The formula for estimating rows gets a little goofy when the filter is "greater than" or "less than", but it is a number you can arrive at.
Using step 193, here are the relevant numbers:
RANGE_ROWS = 6624
EQ_ROWS = 16
AVG_RANGE_ROWS = 16.1956
RANGE_HI_KEY from the previous step = 1999-10-13 10:47:38.550
RANGE_HI_KEY from the current step = 1999-10-13 10:51:19.317
Value from the WHERE clause = 1999-10-13 10:48:38.550
1) Find the ms between the two range hi keys
SELECT DATEDIFF (ms, '1999-10-13 10:47:38.550', '1999-10-13 10:51:19.317')
The result is 220767 ms.
2) Adjust the number of rows
We need to find the rows per millisecond, but before we do, we have to subtract the AVG_RANGE_ROWS from the RANGE_ROWS:
6624 - 16.1956 = 6607.8044 rows
3) Calculate the rows per ms with the adjusted number of rows:
6607.8044 rows/220767 ms = .0299311 rows per ms
4) Calculate the ms between the value from the WHERE clause and the current step RANGE_HI_KEY
SELECT DATEDIFF (ms, '1999-10-13 10:48:38.550', '1999-10-13 10:51:19.317')
This gives us 160767 ms.
5) Calculate the rows in this step based on rows per second:
.0299311 rows/ms * 160767 ms = 4811.9332 rows
6) Remember how we subtracted the AVG_RANGE_ROWS earlier? Time to add them back. Now that we're done calculating numbers related to rows per second, we can safely add the EQ_ROWS too:
4811.9332 + 16.1956 + 16 = 4844.1288
Rounded up, that's our 4844.13 estimate.
Testing the formula
I couldn't find any articles or blog posts on why the AVG_RANGE_ROWS gets subtracted out before the rows per ms are calculated. I was able to confirm they are accounted for in the estimate, but only at the last millisecond -- literally.
Using the WideWorldImporters database, I did some incremental testing and found the decrease in row estimates to be linear until the end of the step, where 1x AVG_RANGE_ROWS is suddenly accounted for.
Here's my sample query:
WHERE PickingCompletedWhen >= '2016-05-24 11:00:01.000000'
I updated the statistics for PickingCompletedWhen, then got the histogram:
DBCC SHOW_STATISTICS([sales.orders], '_WA_Sys_0000000E_44CA3770')
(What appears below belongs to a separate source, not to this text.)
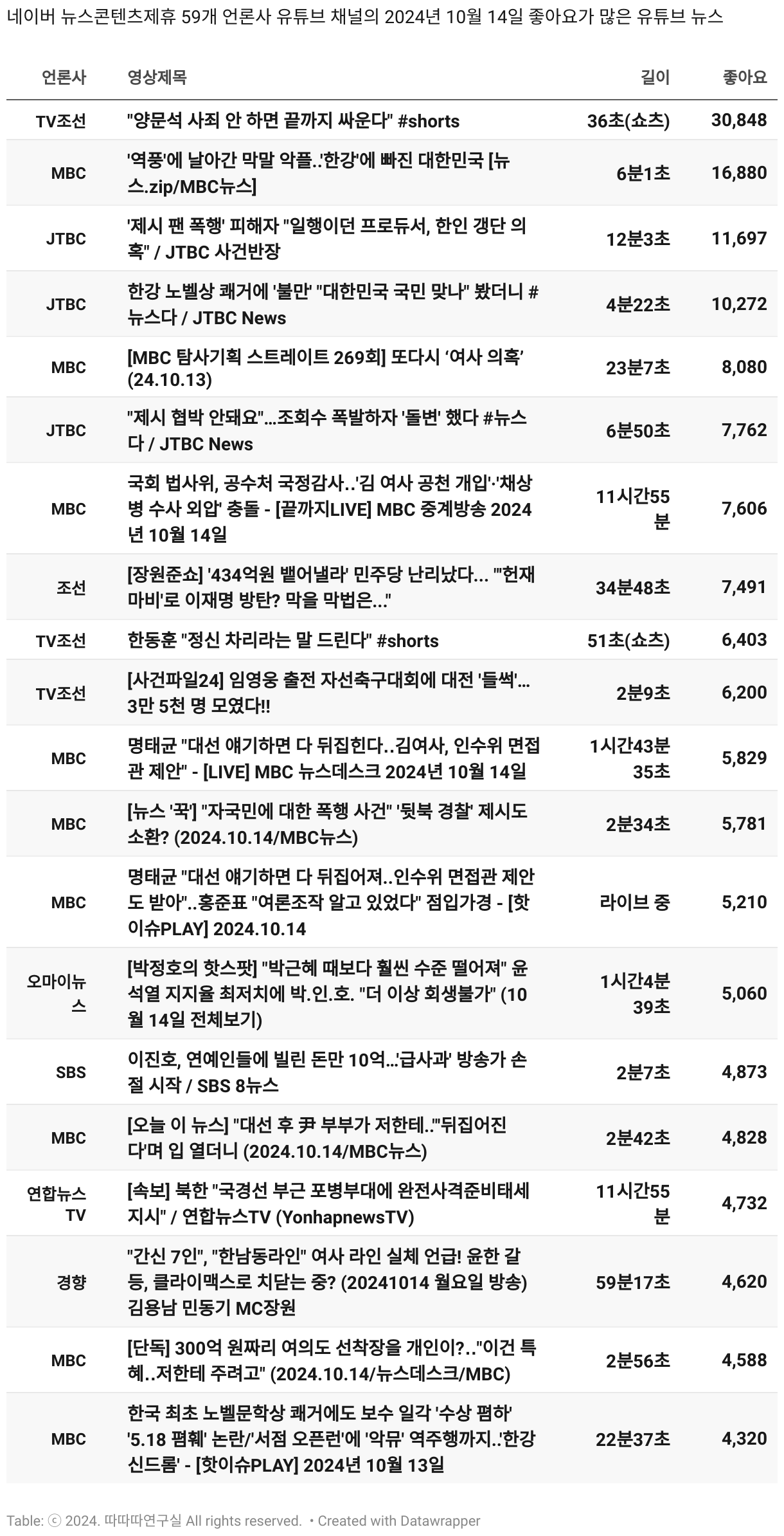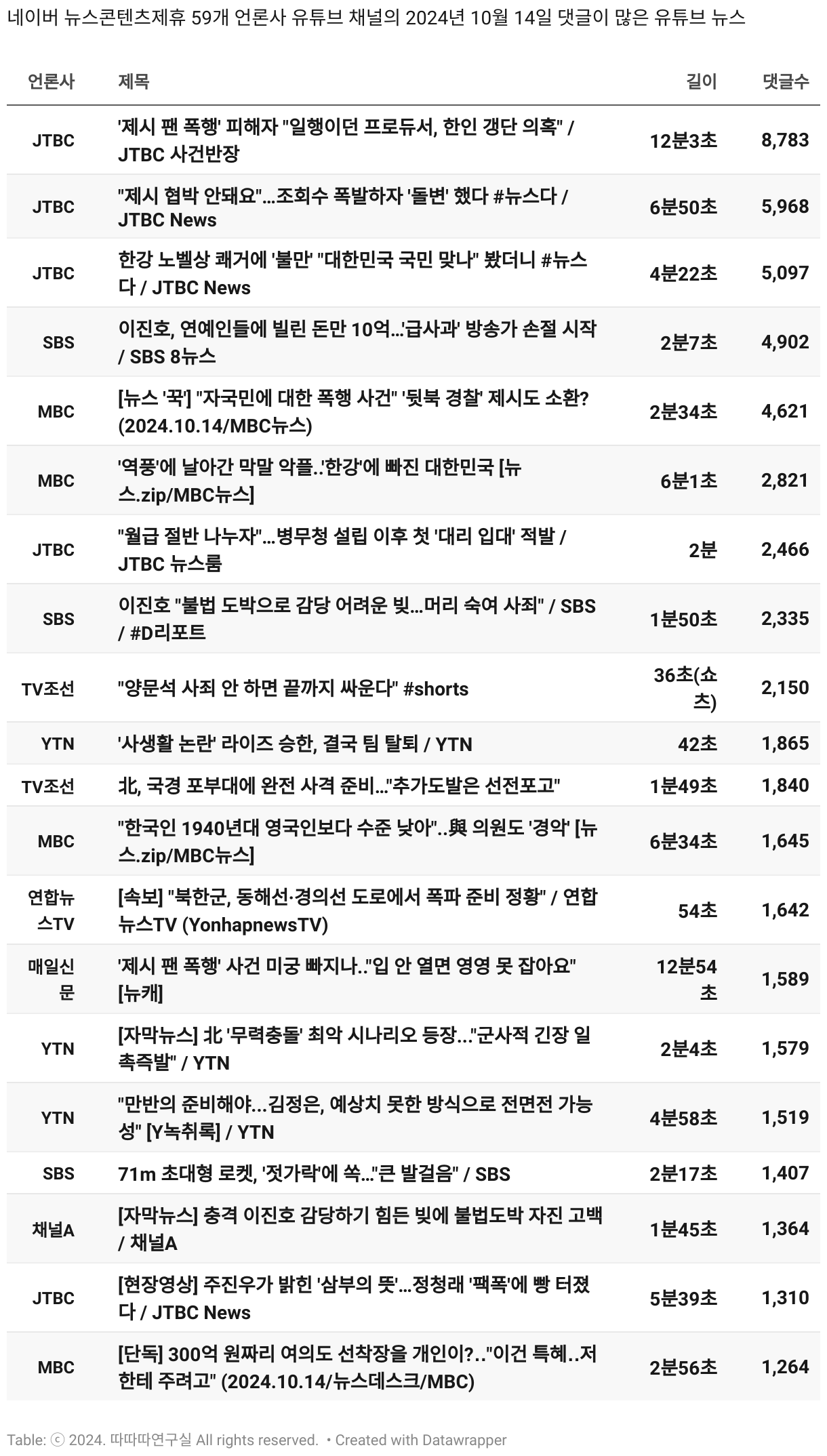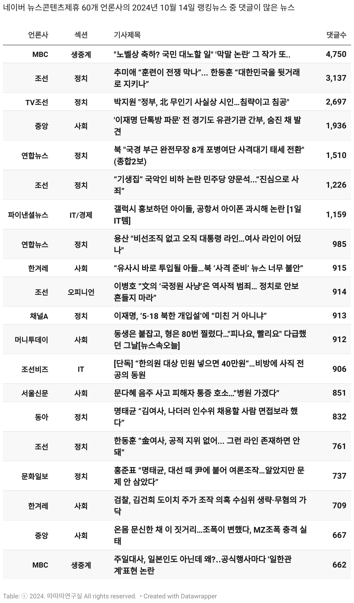 *데이터 수집 기간 : 2024년 6월 10일 *데이터 수집 대상 : 네이버 뉴스콘텐츠제휴 60개 언론사. 종합일간지 10개(경향신문, 국민일보, 동아일보, 문화일보, 서울신문, 세계일보, 조선일보, 중앙일보, 한겨레신문, 한국일보), 방송/통신사 14개(뉴스1, 뉴시스, 연합뉴스, 연합뉴스TV, 채널A, 한국경제TV, JTBC, KBS, MBC, MBN, SBS, SBS BIZ, TV조선, YTN), 경제지 11개(매일경제, 머니투데이, 비즈워치, 서울경제, 아시아경제, 이데일리, 조선비즈, 조세일보, 파이낸셜뉴스, 한국경제(유튜브제외), 헤럴드경제) 인터넷 8개(노컷뉴스, 더팩트, 데일리안, 머니S, 미디어오늘, 아이뉴스24, 오마이뉴스, 프레시안), IT 5개(디지털데일리,디지털타임스, 블로터, 전자신문, 지디넷코리아), 지역 12개(강원도민일보, 강원일보, 경기일보, 국제신문, 대구MBC, 대전일보, 매일신문, 부산일보, 전주MBC, CJB청주방송, JIBS, kbc광주방송)

To see how the estimated rows decrease as we approach the RANGE_HI_KEY, I collected samples throughout the step. The decrease is linear, but behaves as if a number of rows equal to the AVG_RANGE_ROWS value just isn't part of the trend...until you hit the RANGE_HI_KEY and suddenly they drop like uncollected debt written off. You can see it in the sample data, especially in the graph.
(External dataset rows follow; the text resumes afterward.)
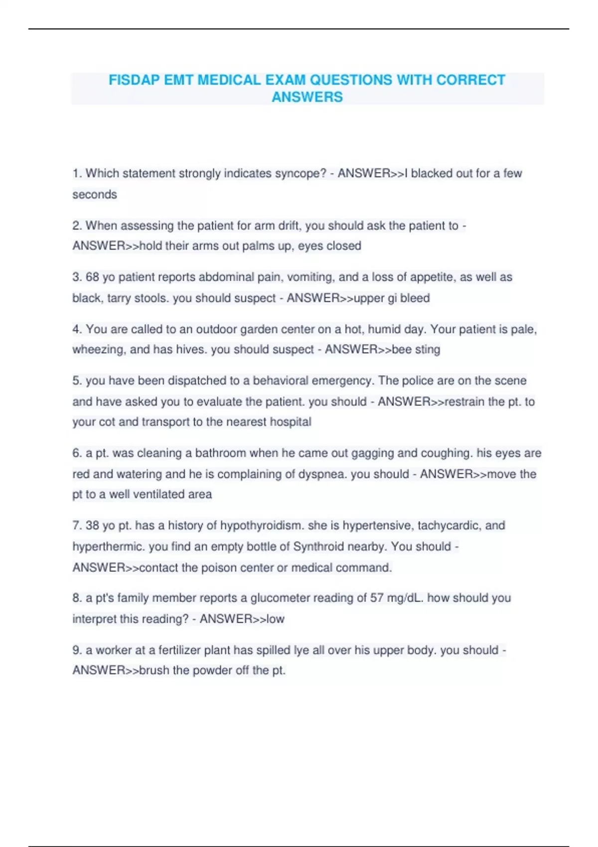 FISDAP EMT MEDICAL EXAM QUESTIONS WITH CORRECT ANSWERS
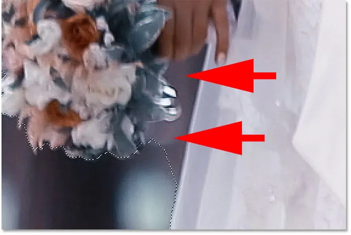 Minu pildiga pange tähele, et kimpude ja kleidi vaheline ala on samuti valitud ja see tuleb eemaldada:
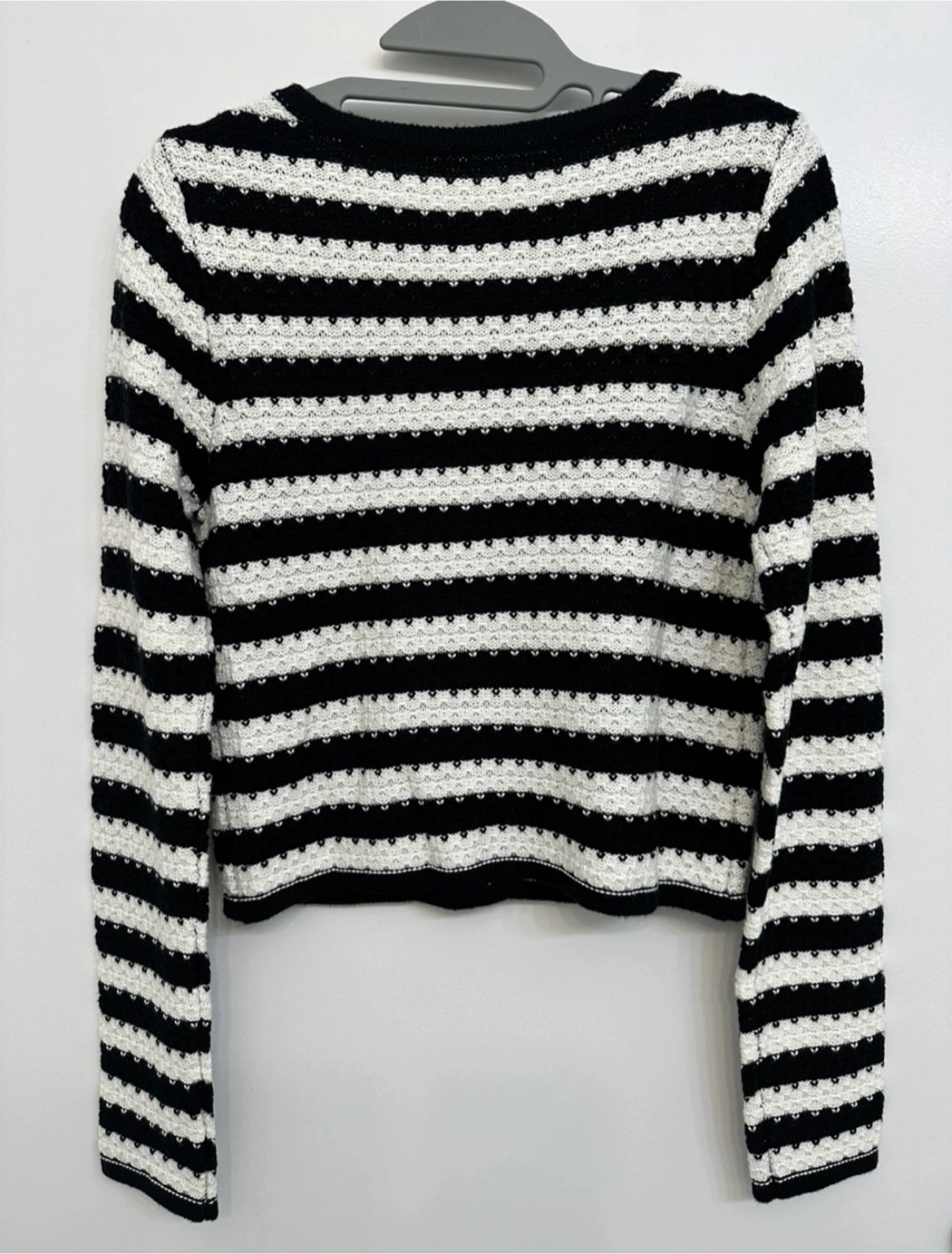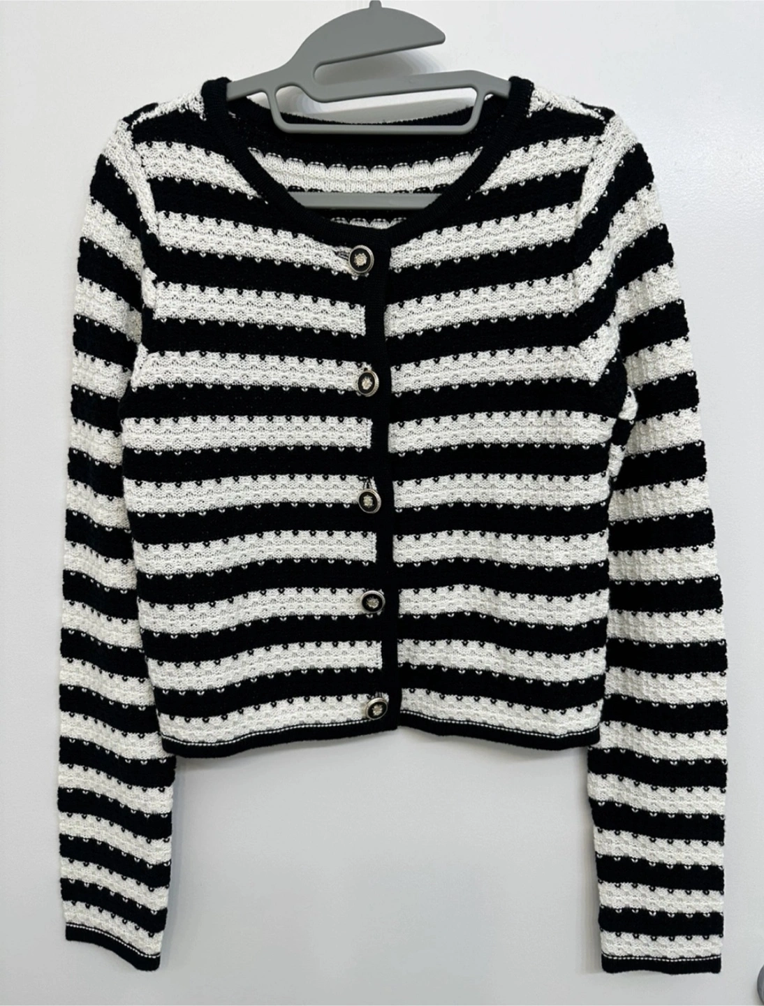 1000+Here's a stylish striped knit cardigan! It's perfect for layering or wearing on its own. The black and white stripes make it versatile for any outfit. It's in great condition and ready for a new home

Note the steady decline in rows until we hit the RANGE_HI_KEY and then BOOM that last AVG_RANGE_ROWS chunk is suddenly subtracted. It's easy to spot in a graph, too.
To sum up, the odd treatment of AVG_RANGE_ROWS makes calculating row estimates more complex, but you can always reconcile what the CE is doing.
What about Exponential Backoff?
Exponential Backoff is the method the new (as of SQL Server 2014) Cardinality Estimator uses to get better estimates when using multiple single-column stats. Since this question was about one single-column stat, it doesn't involve the EB formula.